Gadeschi Cantucci Italian Almond Biscuits and Tin 500g
Cantucci – Premiata Dolciaria Gadeschi 500g. From the beautifully decorated yellow tin to the deliciously crunchy almondy biscuits within, this Gadeschi Cantucci will bring a real taste of Italy. Use them to accompany your after-dinner coffee or sweet dessert wine.
Crisp, sweet and traditionally Tuscan, cantucci are made with almonds and twice-baked for extra crunch. These oblong nutty biscotti can be enjoyed with rich coffee or herbal tea for a delicious afternoon treat. Alternatively, serve after a meal with a sweet dessert wine. They’re also perfect for creating wonderful desserts such as tiramisu. After that a generous 500g of biscuits inside the tin, they’re sure to go a long way!

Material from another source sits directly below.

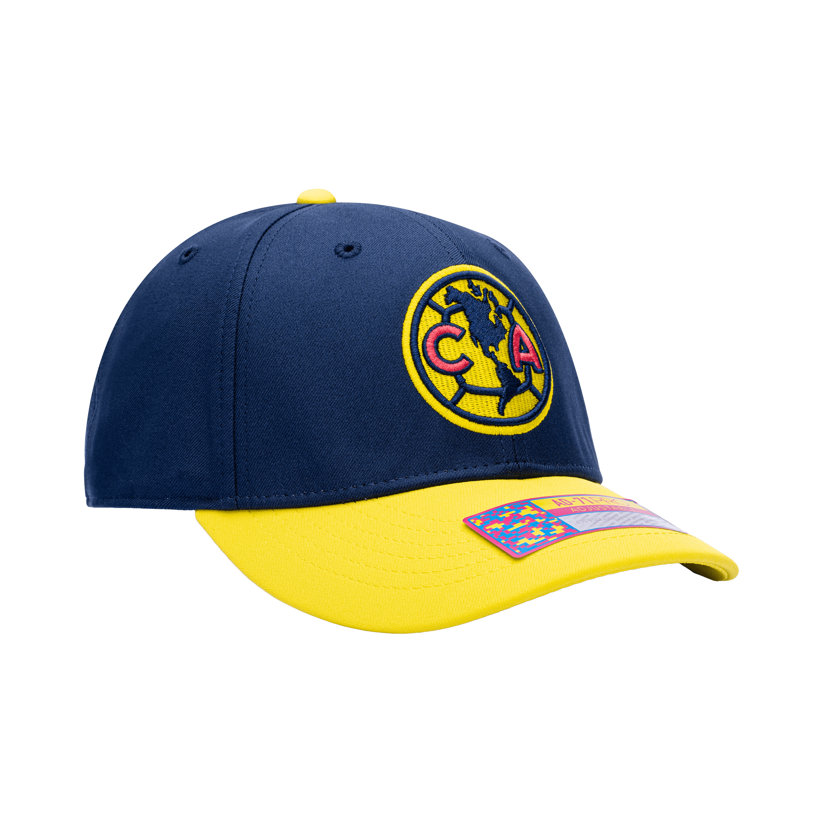 The Club America Core Adjustable hat lets you show your support in style for "Las Aguilas", a Mexican team which is considered one of the most successful teams in the North American continent! This hat features a front 3D embroidery of the team logo and a sonic weld suede wrap label on the back. It also allows you to make use of team colors as the crown is a contrasting color from the peak and top button.

Decorated with a traditional Italian design of flowers and cherubs, this embossed yellow metal tin makes a delightful gift for any fan of Italy. Perfect for sharing with friends and family, the treat-filled tin has a hinged lid for easy access and looks beautiful when displayed on a coffee table or sideboard.
- Tin of traditional Italian cantucci
- Crispy after-dinner almond biscuits
- Beautiful yellow embossed biscuit tin
- Great with after-dinner coffee or in desserts
- Suitable for vegetarians
Established in 1970, Dolciaria Gadeschi has spent almost half a century perfecting their recipes. Consequently, the combination of artisan skill and premium ingredients ensure their traditional Italian biscuits are loved around the world.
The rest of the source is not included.